Pivoting with Rasgullas
3 min read

Pivoting with Rasgullas

Pivoting with Rasgullas

I set out to make Rasgulla the other day. Actually, I didn’t ‘set out’ to. When the milk was boiled in the morning, it started to curdle, so I quickly threw in a dash of vinegar to give the milk some decency in its coming undone. I have made Rasgulla before, so I thought, 'Well, we shall put to good use this extra-creamy dairy-fresh curdled buffalo milk.' I hung the curd in a seere batte (cheesecloth) and forgot all about it.

Later that day, when I was in the middle of procrastinating while trying to write, in a post-lunch daze, looking for another excuse to get up, I gleefully remembered about the hanging curd.

I dashed to the kitchen and started mashing the paneer. I decided to make a jaggery Rasgulla. For two years now, I have been anti-sugar, actively reducing its intake, in keeping with the theme of upward mobility.
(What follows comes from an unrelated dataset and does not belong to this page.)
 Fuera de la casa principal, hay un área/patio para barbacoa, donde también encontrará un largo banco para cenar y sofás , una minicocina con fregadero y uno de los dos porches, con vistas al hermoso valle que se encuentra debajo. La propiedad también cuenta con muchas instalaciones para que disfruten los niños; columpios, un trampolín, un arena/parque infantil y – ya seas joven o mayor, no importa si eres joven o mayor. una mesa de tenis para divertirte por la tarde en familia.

I added over a cup of jaggery into six cups of water, flavoured it with some crushed cardamon and placed the big pot on a medium flame. Once the paneer was mashed for around 8-10 mintues, I made small Rasgulla balls and got them ready to be dunked into boiling jaggery water. Everything was set. It felt good, even if the tension in the air was slightly high due to the possibility of it all going wrong.
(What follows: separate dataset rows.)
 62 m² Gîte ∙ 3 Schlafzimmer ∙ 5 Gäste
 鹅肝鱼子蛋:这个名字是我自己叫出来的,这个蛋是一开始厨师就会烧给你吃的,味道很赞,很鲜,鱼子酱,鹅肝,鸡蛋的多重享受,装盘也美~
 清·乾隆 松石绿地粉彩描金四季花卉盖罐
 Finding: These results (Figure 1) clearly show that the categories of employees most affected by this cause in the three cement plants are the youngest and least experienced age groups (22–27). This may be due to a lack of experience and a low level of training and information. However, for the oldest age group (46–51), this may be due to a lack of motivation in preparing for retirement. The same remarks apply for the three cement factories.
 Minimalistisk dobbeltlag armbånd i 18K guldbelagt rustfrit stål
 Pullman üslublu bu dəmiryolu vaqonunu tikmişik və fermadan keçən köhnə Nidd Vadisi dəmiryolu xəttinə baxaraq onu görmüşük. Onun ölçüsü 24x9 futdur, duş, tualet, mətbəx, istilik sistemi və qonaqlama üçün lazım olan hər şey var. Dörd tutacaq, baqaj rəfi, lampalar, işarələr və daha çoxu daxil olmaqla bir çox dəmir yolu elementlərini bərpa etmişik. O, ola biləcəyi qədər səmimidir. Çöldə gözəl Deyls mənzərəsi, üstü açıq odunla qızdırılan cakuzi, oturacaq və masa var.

I dropped the Rasgulla balls gently into the boiling water, one by one. They all looked happy.

YouTube can be annoying in that it gives you so many options to make one dish. It wants you to keep watching those recipes more than it wants you to make them. After watching many videos, I had decided to mix and match and do my own thing.
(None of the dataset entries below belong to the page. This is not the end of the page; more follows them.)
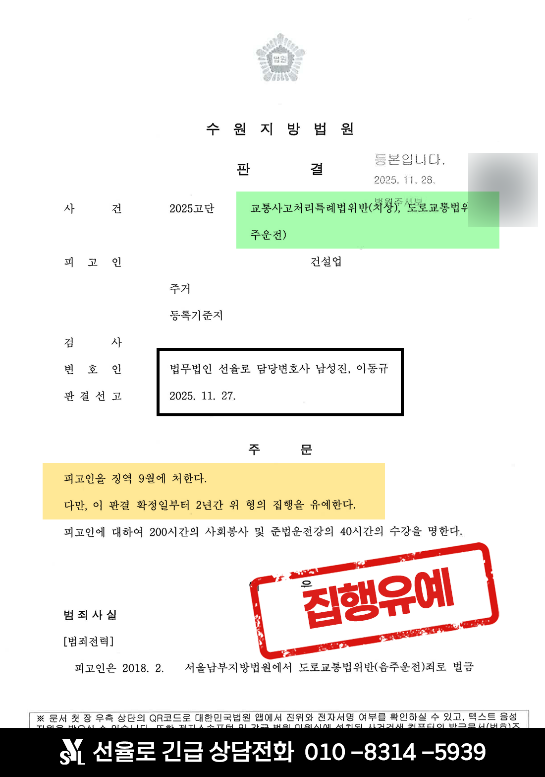 이러한 음주운전교통사고변호사의 조력을 통해 의뢰인은 실형이 아닌 집행유예 판결을 받을 수 있었습니다. 혈중알코올농도 0.128%의 고수치 음주운전, 장거리 주행, 인적 피해 발생, 과거 음주운전 전력 등 불리한 사정이 다수 존재하였음에도 불구하고, 음주운전교통사고변호사의 체계적인 대응으로 선처를 이끌어낸 사례입니다.
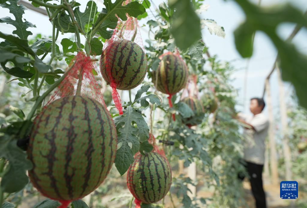 6月5日,卢龙县木井镇一家西瓜种植合作社的社员在大棚内管护西瓜。
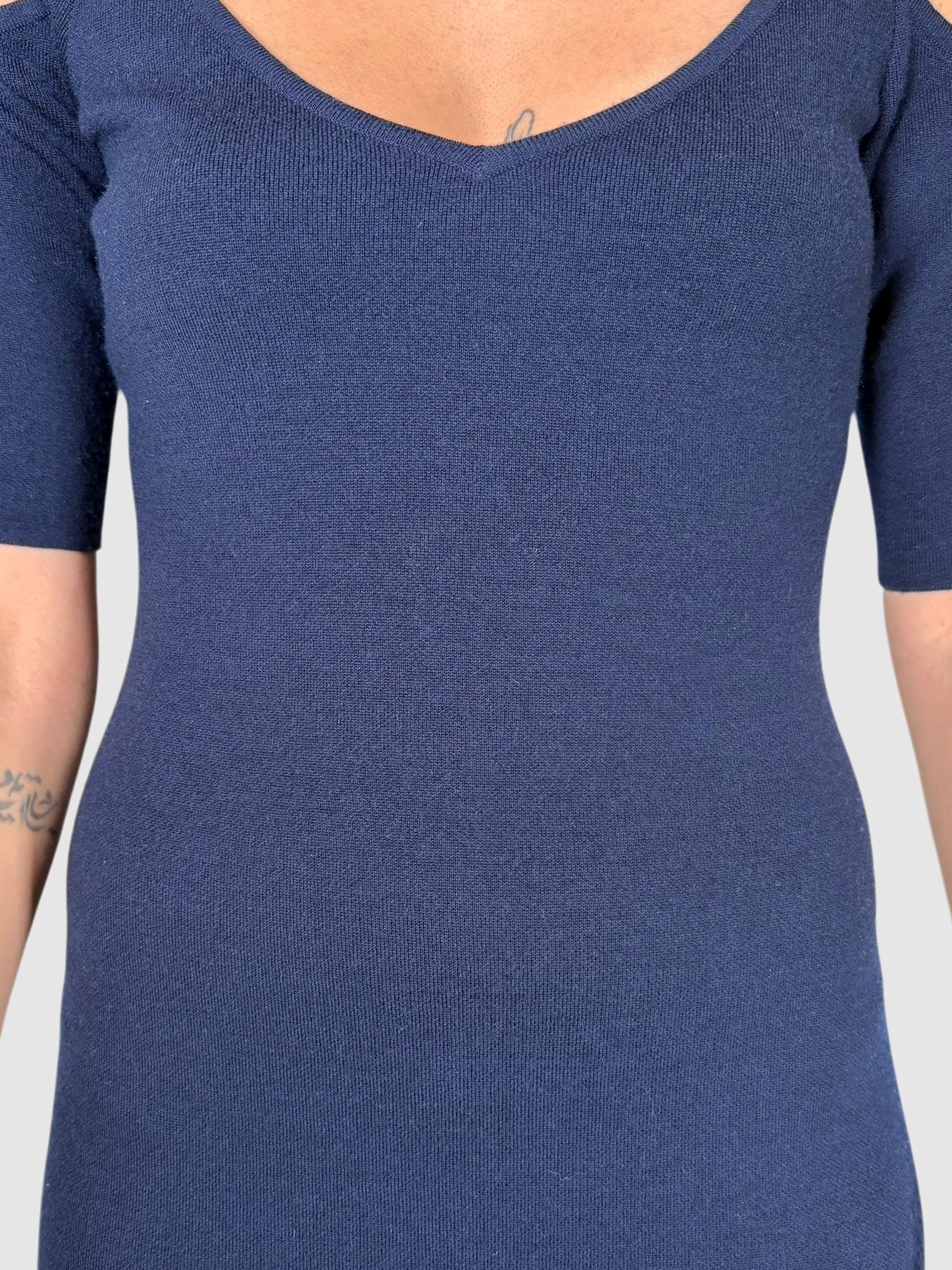 Gabriela Hearst Navy Blue Wool-Blend Cold Shoulder Maxi Dress - Size Medium.
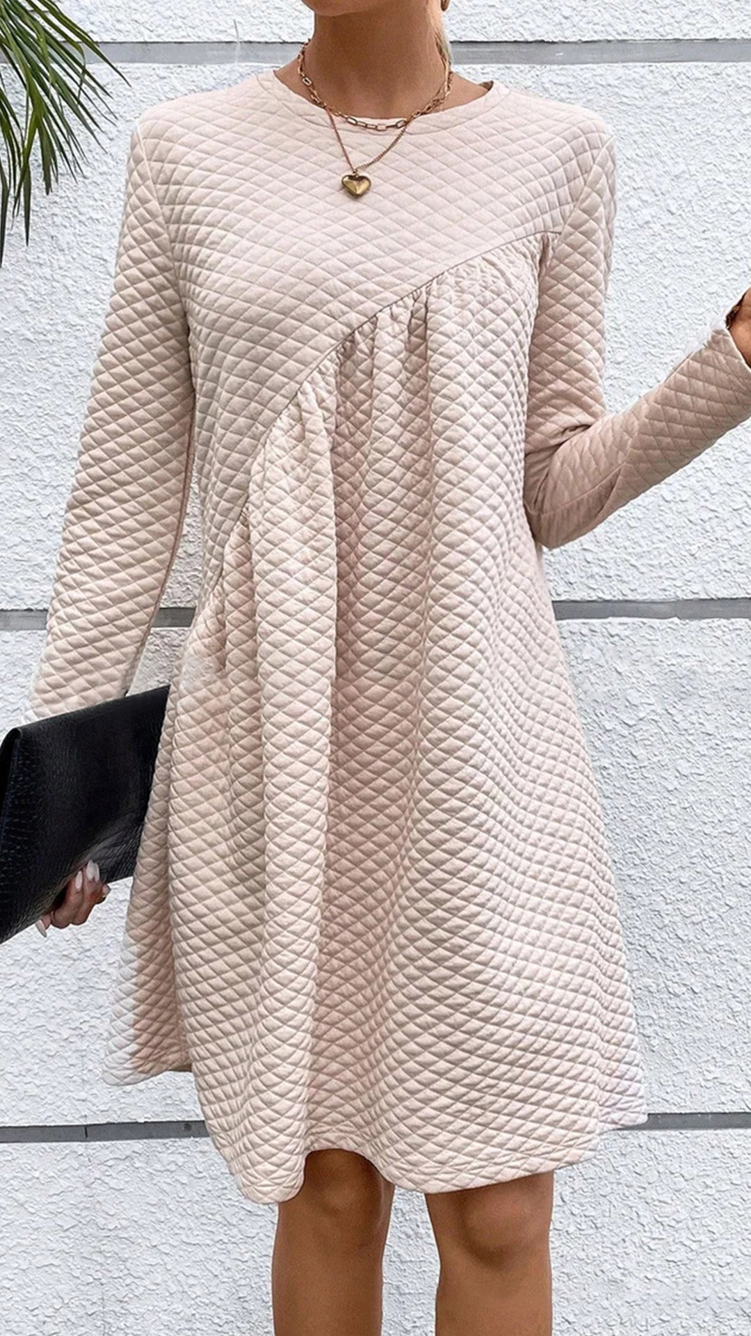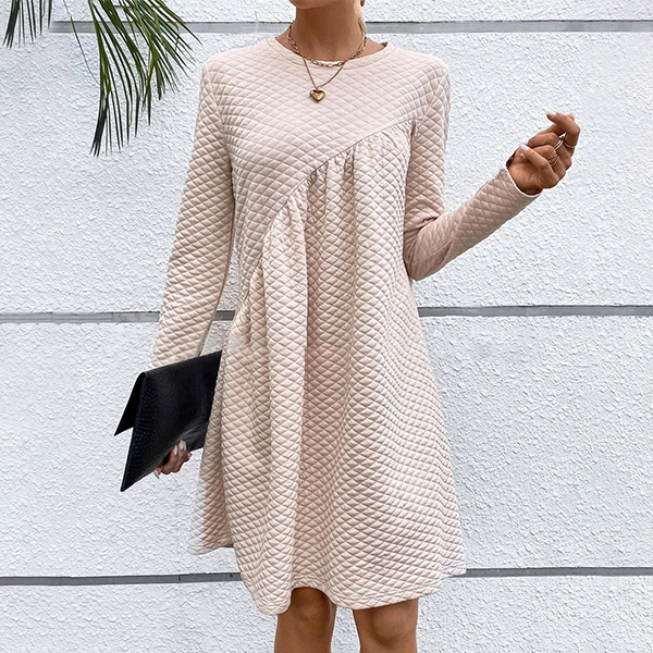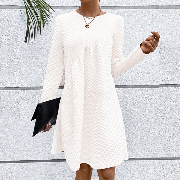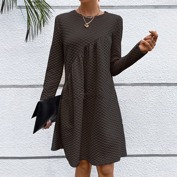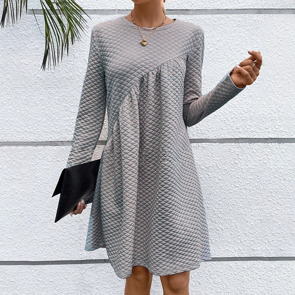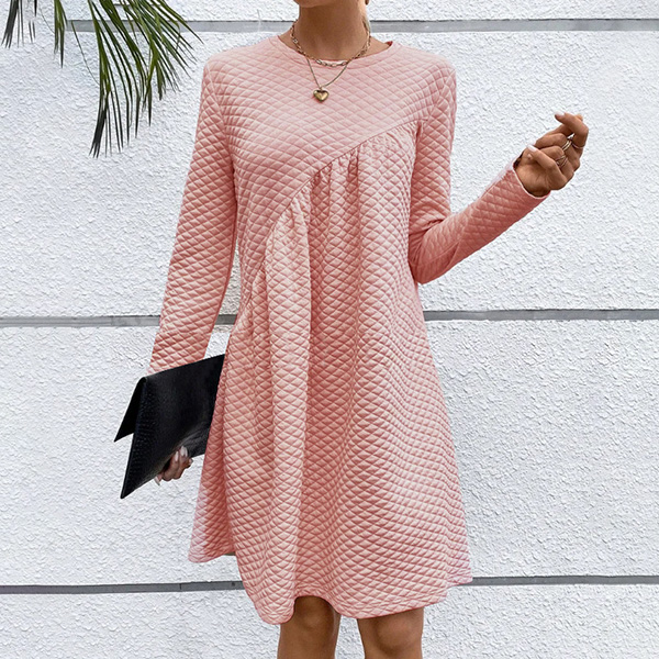 Fashion Solid Color Round Neck Long Sleeve Diamond Pattern Mini Dress

This was probably a bad decision.

One of the videos said that the boiling liquid had to be covered. So I did that. After three minutes, when I peeked into the pot to check if the Rasgullas were really happy, they had betrayed me and disintegrated into smithereens. A few of them stayed put, shivering, their outer skin completely frayed, waiting to let me down while I watched them. So I did the honours myself and mashed them.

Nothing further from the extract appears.